The applications of deep DA span several key computer vision tasks:

  1. Image Classification: Deep DA techniques like JAN, DAN, and ADDA have shown substantial improvements in image classification tasks on datasets like Office-31, demonstrating the efficacy of reducing domain shifts.
  2. Face Recognition: Techniques such as the SSPP-DAN generate synthetic face images with varying poses and use adversarial training to address variations caused by angles, ethnicity, and sensors.
  3. Object Detection: Methods like Large-Scale Detection through Adaptation (LSDA) and Domain-Adaptive Faster R-CNN leverage weakly labeled data to adapt object detectors across domains.
  4. Semantic Segmentation: FCN-based adaptations, such as those presented by Hoffman et al., utilize global and class-aware adversarial training to enhance semantic segmentation across different urban scenes.
  5. Person Re-identification: Domain adaptation methods like SPGAN translate image styles to preserve self-similarity and domain dissimilarity, aiding in re-identifying persons across different camera feeds.
  6. Image-to-Image Translation: Models like Cycle GAN and pix2pix achieve image-to-image translation by leveraging adversarial losses to align features across domains, demonstrating powerful applications in style transfer and synthetic data generation.

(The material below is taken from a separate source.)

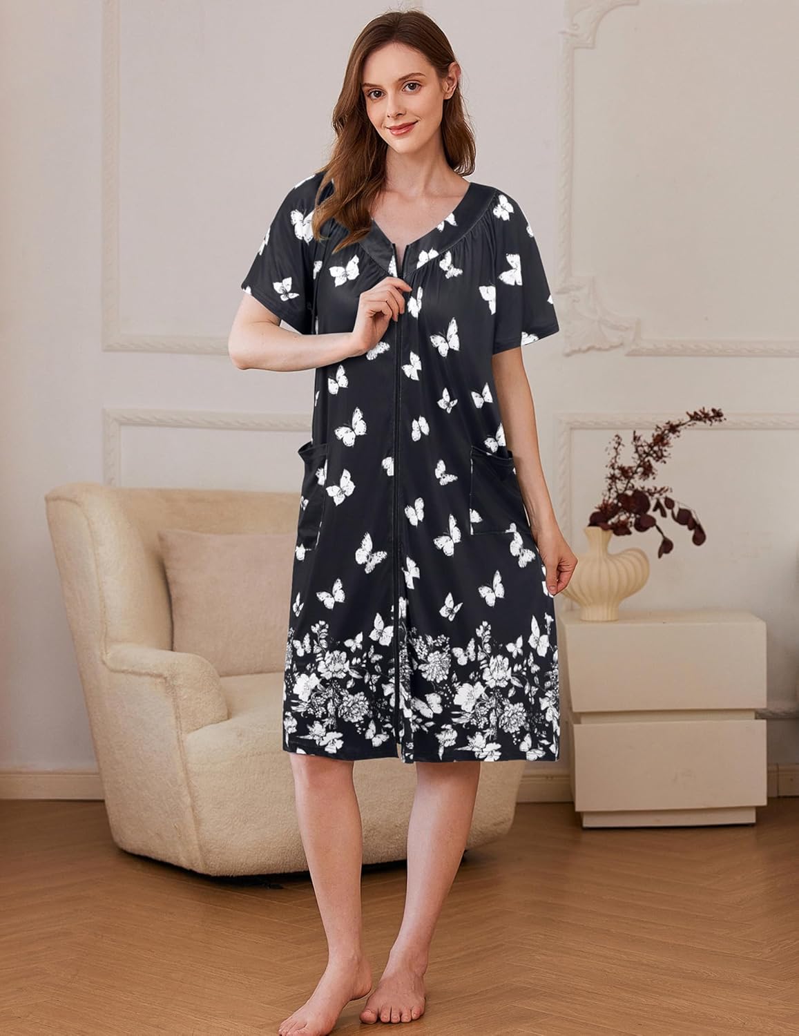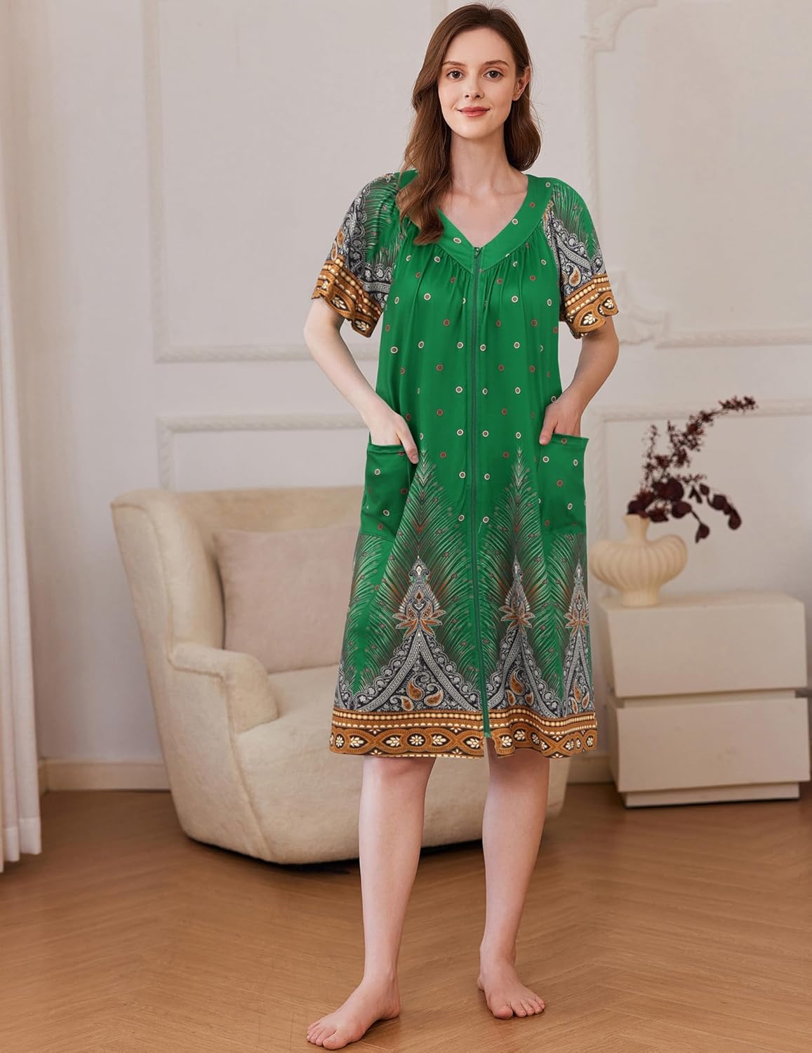 Robe Zipper Front Mumu Duster Robes Zip Up Housecoat

Implications and Future Directions

This survey highlights the practical implications of deep DA in enhancing the robustness of machine learning models across diverse domains. The discuss the limitations of current methodologies, particularly the challenge in heterogeneous DA, where feature spaces differ significantly. Future research should focus on developing more generalized approaches to handle diverse feature spaces and on expanding the application of deep DA beyond the current focus areas, potentially branching into new, uncharted domains.

Conclusion

Wang and Deng’s survey provides an invaluable resource for researchers in domain adaptation, offering a structured categorization and evaluation of contemporary deep DA methods. The survey not only underscores the advancements but also delineates the challenges and future research directions necessary for the maturation of deep domain adaptation techniques.